There are four major components to TAPI 3.0:
TAPI 3.0 COM API: In contrast to TAPI 2.1, the TAPI 3.0 API is implemented as
a suite of Component Object Model (COM) objects. Moving TAPI to the object-oriented COM
model allows component upgrades of TAPI features. It also allows developers to write
TAPIenabled applications in any language, such as Java, Visual Basic, or C/C++.
TAPI Server: The TAPI Server process (TAPISRV.EXE) abstracts the TSPI (TAPI
Service Provider Interface) from TAPI 3.0 and TAPI 2.1, allowing TAPI 2.1 Telephony
Service Providers to be used with TAPI 3.0, maintaining the internal state of TAPI.
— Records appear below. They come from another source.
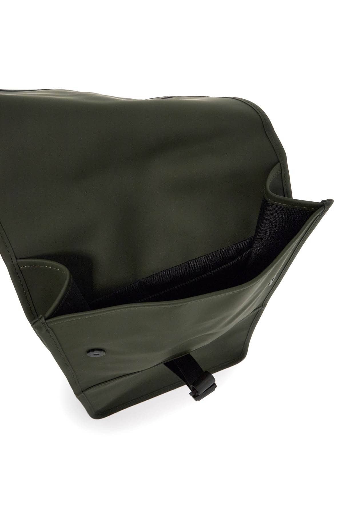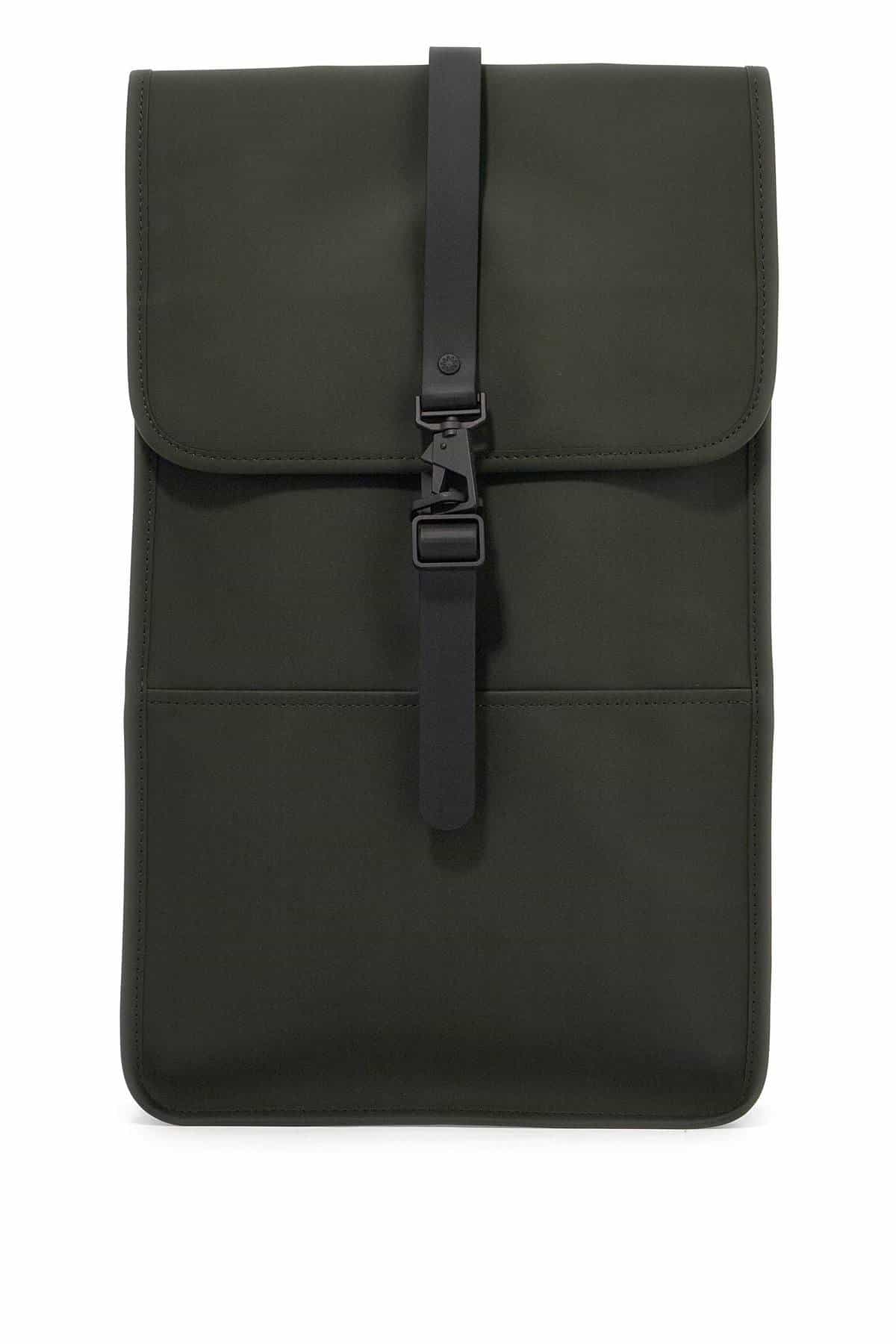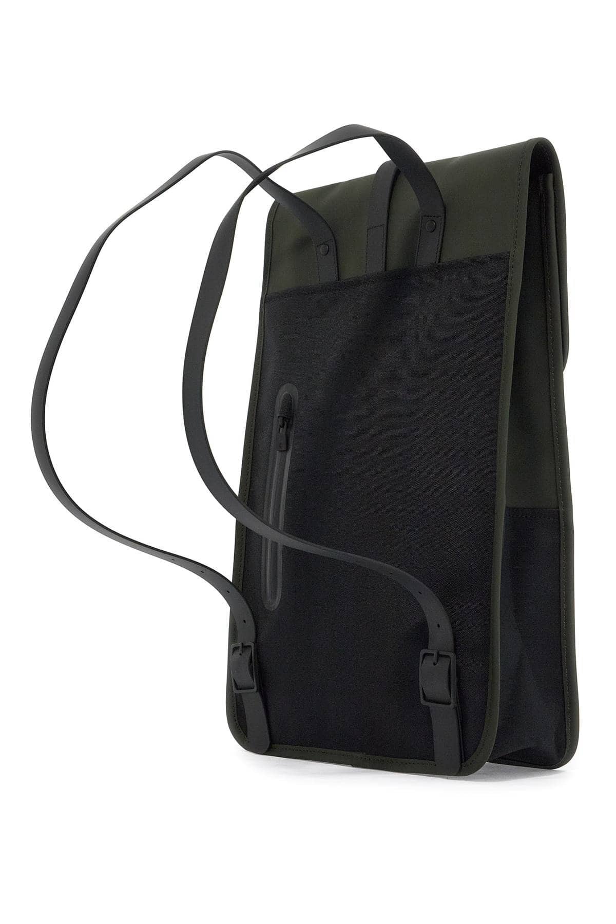 The RAINS backpack is made from the iconic waterproof PU fabric and features a simple yet refined design, characterized by its padded look and central strap with carabiner closure. It has a magnetic flap, a main compartment in mesh with a zip pocket and a 15” laptop pocket, a back zip pocket, and adjustable shoulder straps. The metal accessories have a burnished finish.
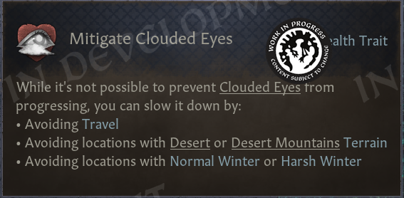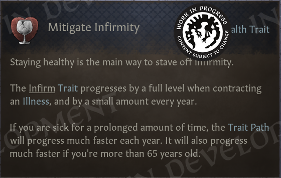 Since some time, we’ve had the tool to make this situation into something better - tiered traits. There’s now a selection of elderly traits, all medievally-flavored versions of real-life afflictions, that start out very mild but grow in severity over time. This includes the previously mentioned Infirm trait, which is now also tiered. Worth noting is that I didn’t want a repeat of the ‘Harm Events’ feature (which threw random events at the player which they couldn’t do anything about), so a crucial element of Elder Traits is offering methods for players to mitigate both: 1. Getting the traits in the first place, and 2. How fast they progress.
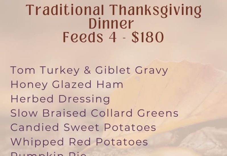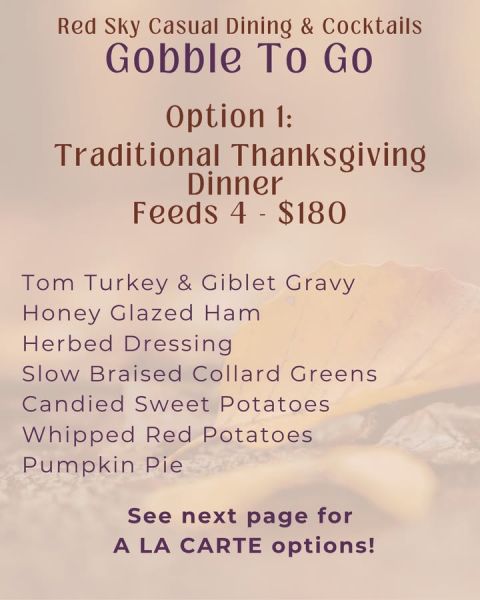 Pickup: Wednesday, Nov 26 (11am–4pm) or Thursday, Nov 27 (9am–1p) at Red Sky Casual Dining & Cocktails in Duck!
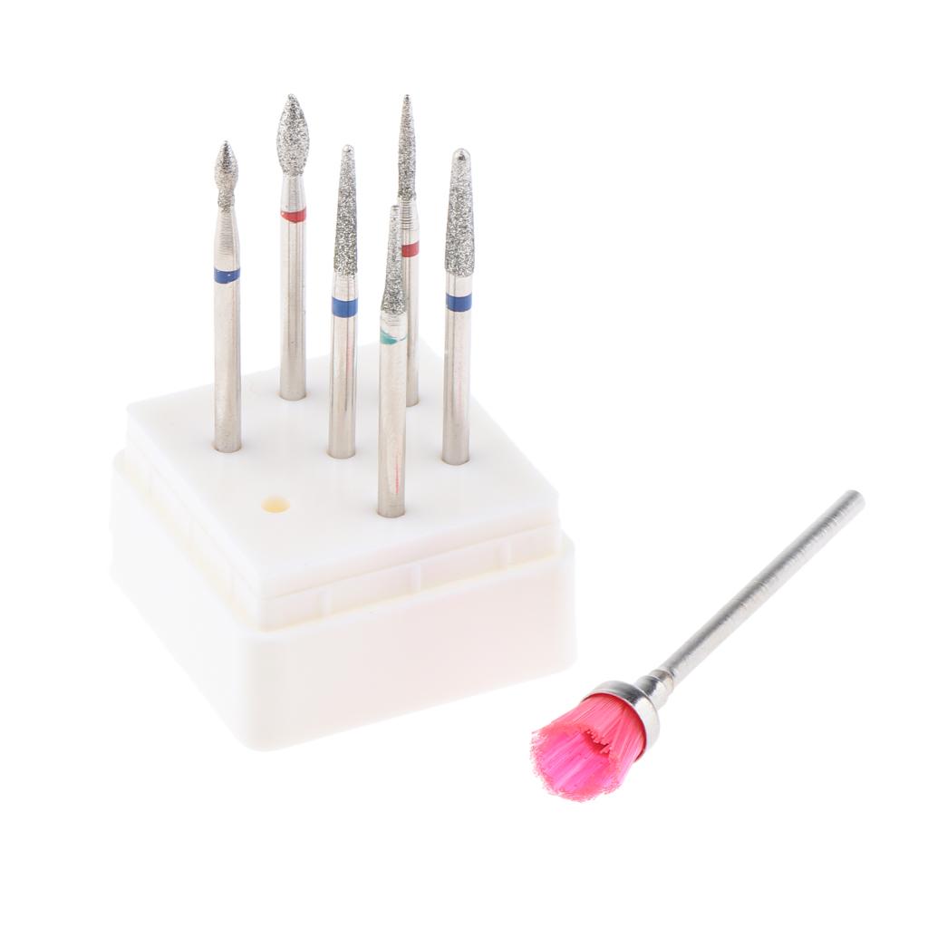 7 in 1 manicure tool,6 pieces Nail Drill Bits with 1 piece Nail Art Dust Brush;Helping polish and reshape your natural and acrylic nails.
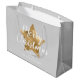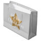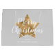 Sacola Para Presentes Grande Cinza Elegante, Dourada Estrela Feliz Natal
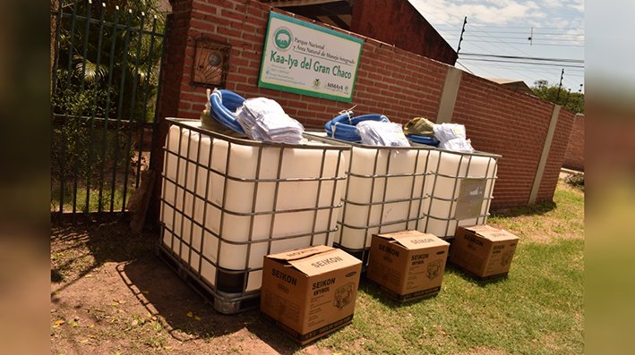 El director del Parque Nacional Kaa-Iya, Marcel Caballero, indicó que los materiales entregados serán de mucha ayuda para seguir resguardando las áreas protegidas (Chiquitanía y Chaco Boliviano) de los incendios forestales. “El fuego es la peor amenaza que tienen las áreas protegidas, ¡una amenaza latente! que se ve cada año debido al cambio climático que hace que los suelos sean más secos” dijo. En ese sentido, Froilán Peña, guardaparque del Parque Kaa-Iya agradeció al PNUD Bolivia y Fundación UNIFRANZ por la entrega de las bombas de agua e indicó que es importante estar alerta al ingreso de la temporada de sequías “las cuadrillas ya están en alerta”, enfatizó.
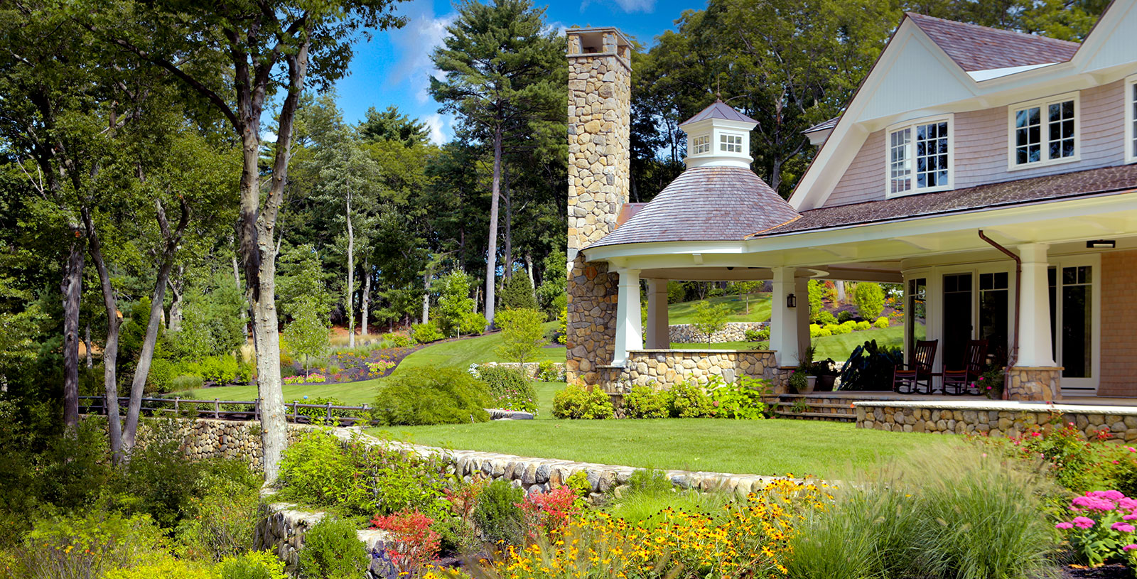 Drawing on the strengths of surrounding bucolic views, the landscape design discernibly reinforces an emotional and physical connection to nature. The main terrace is an alluring extension of the interior living space, providing panoramic views of the surrounding wooded lot and neighboring golf course.

Telephony Service Providers
(TSPs): These are responsible for resolving the protocol-independent call
model of TAPI into protocolspecific call control mechanisms. TAPI 3.0 provides backward
compatibility with TAPI 2.1 TSPs. Two IP telephony service providers (and their associated
MSPs) ship by default with TAPI 3.0: the H.323 TSP and the IP Multicast Conferencing TSP,
which are discussed later in this document.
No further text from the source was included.